* Entries shown *
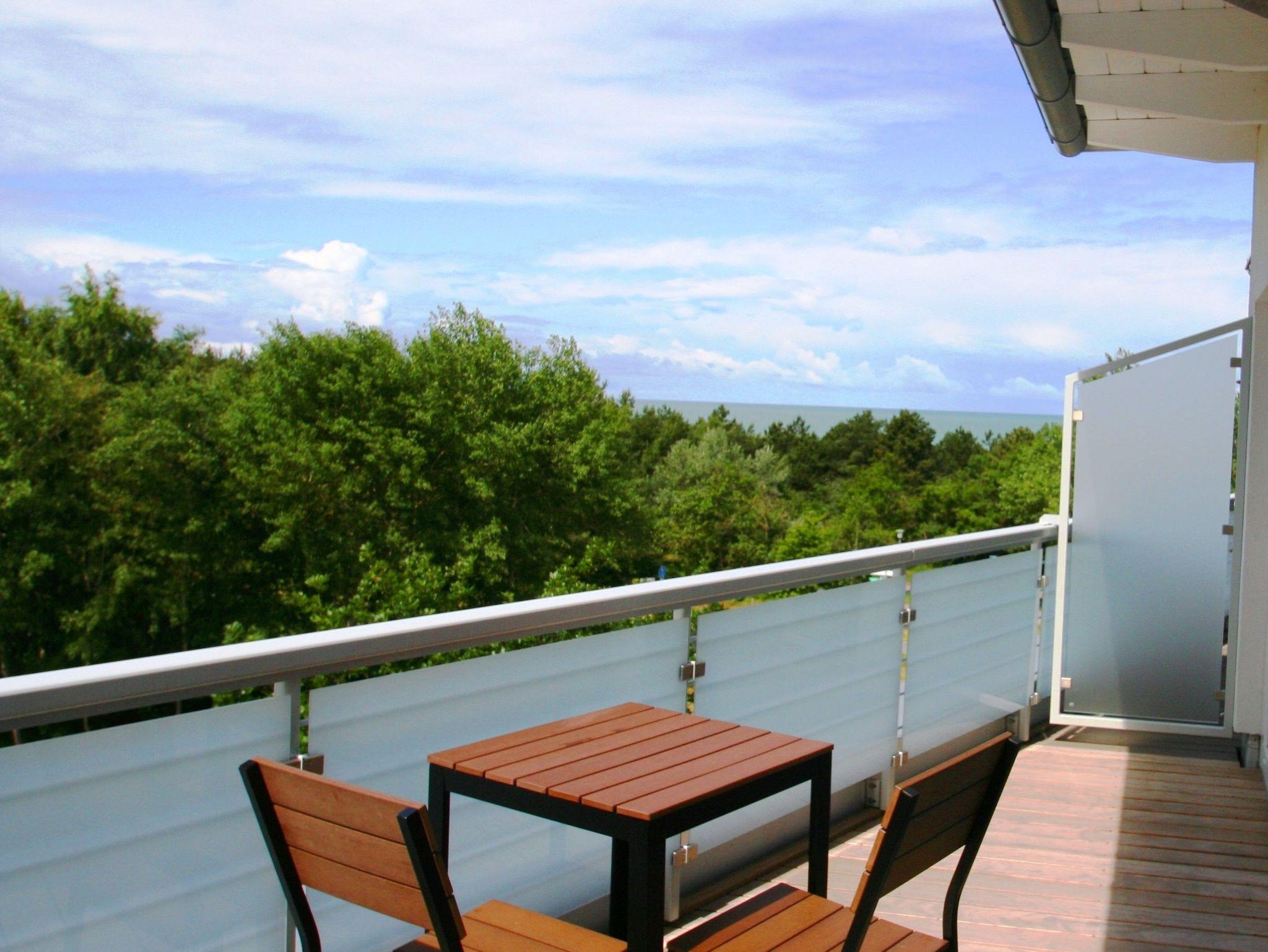 Moderne Panoramasuite mit eingeschränktem Meerblick und Dachterrasse nahe dem feinen Sandstrand in Dierhagen.
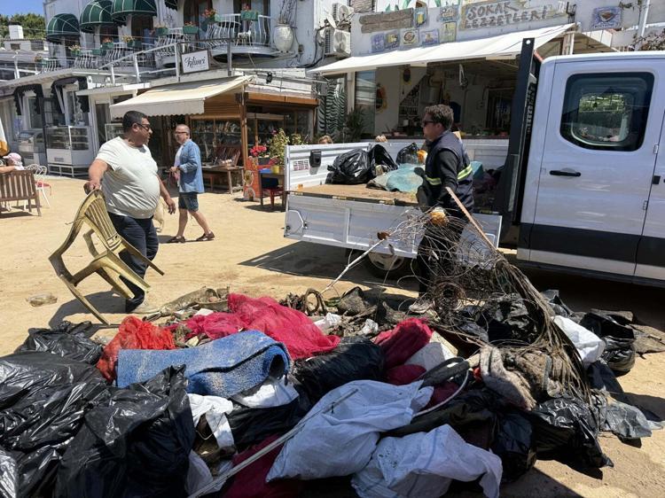 Muğla'nın dünyaca ünlü turistik ilçesi Bodrum'da, Myndons Antik Kenti çevresinde yapılan deniz dibi temizliğinde soba boruları, içki şişeleri ve çay bardaklarının da olduğu 2 ton atık çıktı.
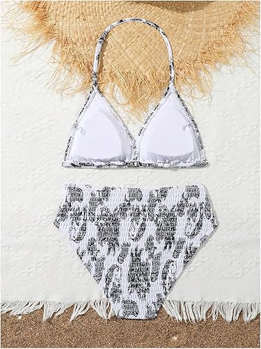 Features: Paisley print, shirred, color block, halter neck, high waisted, 2 piece, bikini set for girls
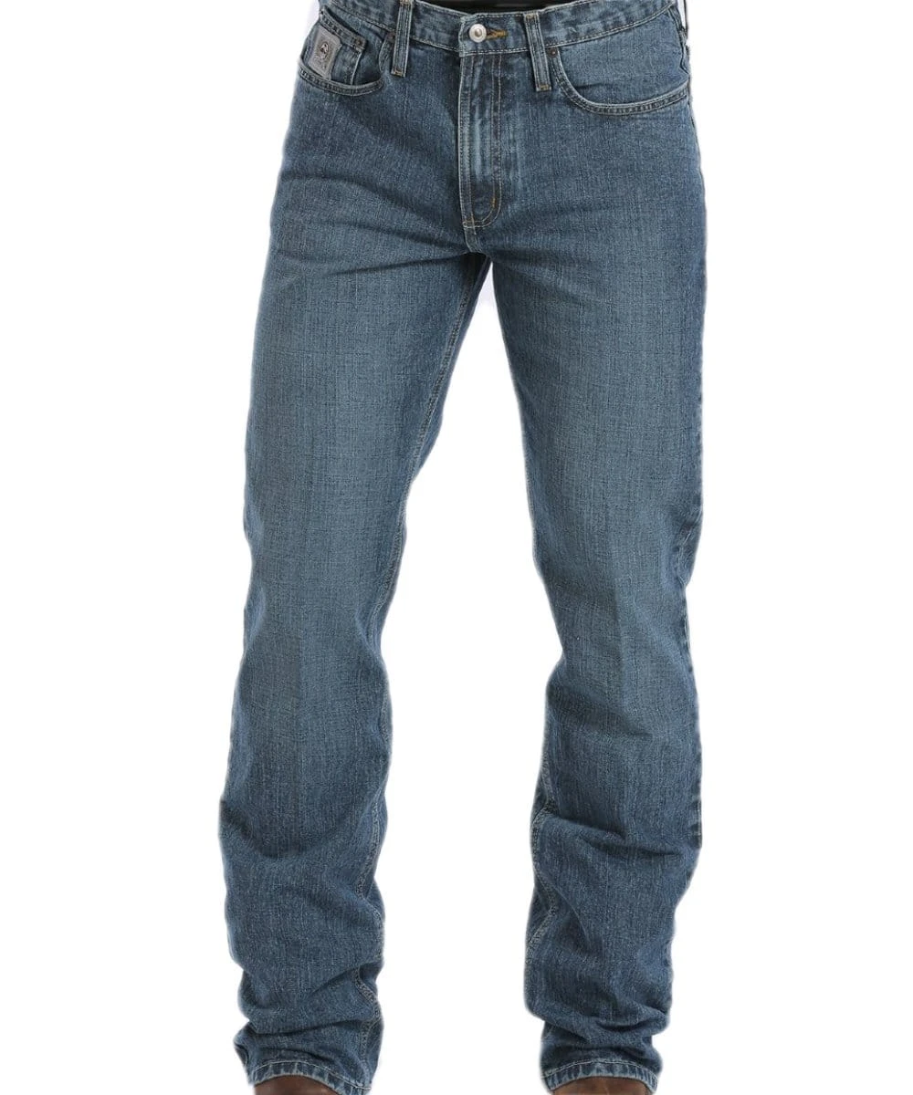 Cinch Men’s Silver Label Jeans; Color: Stonewash; Relaxed Waist; Fitted Hip,Thigh And Knee; Midrise; Straight Leg; Style #MB98034001
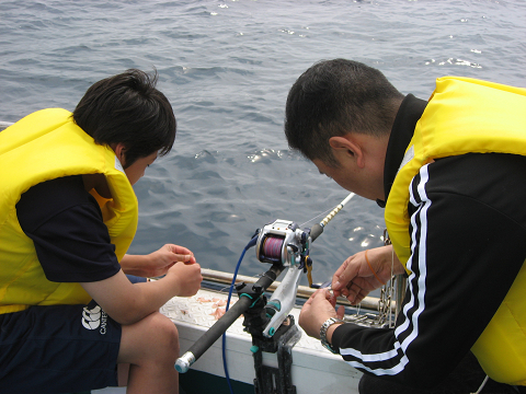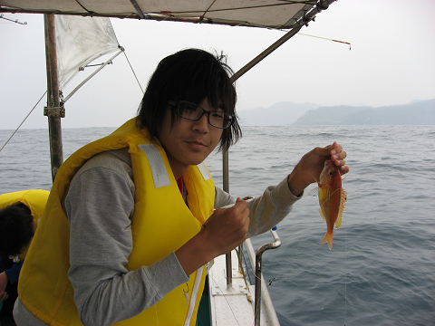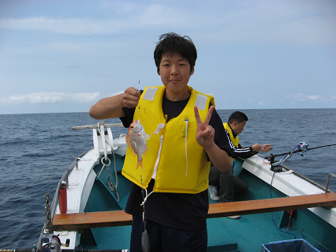 今日は風も無く多少ウネリはあるもののベタ凪となり沖へ出ての釣り体験をしました。全員船酔いしながらもみんな頑張って釣りました!

* Exercise *
Starting with the line that contains "Features: Paisley print, shirred, color", give the lines again exactly as they appear through the last line of the data, pictures excluded.

* Response to this exercise *
 Features: Paisley print, shirred, color block, halter neck, high waisted, 2 piece, bikini set for girls
 Cinch Men’s Silver Label Jeans; Color: Stonewash; Relaxed Waist; Fitted Hip,Thigh And Knee; Midrise; Straight Leg; Style #MB98034001
 今日は風も無く多少ウネリはあるもののベタ凪となり沖へ出ての釣り体験をしました。全員船酔いしながらもみんな頑張って釣りました!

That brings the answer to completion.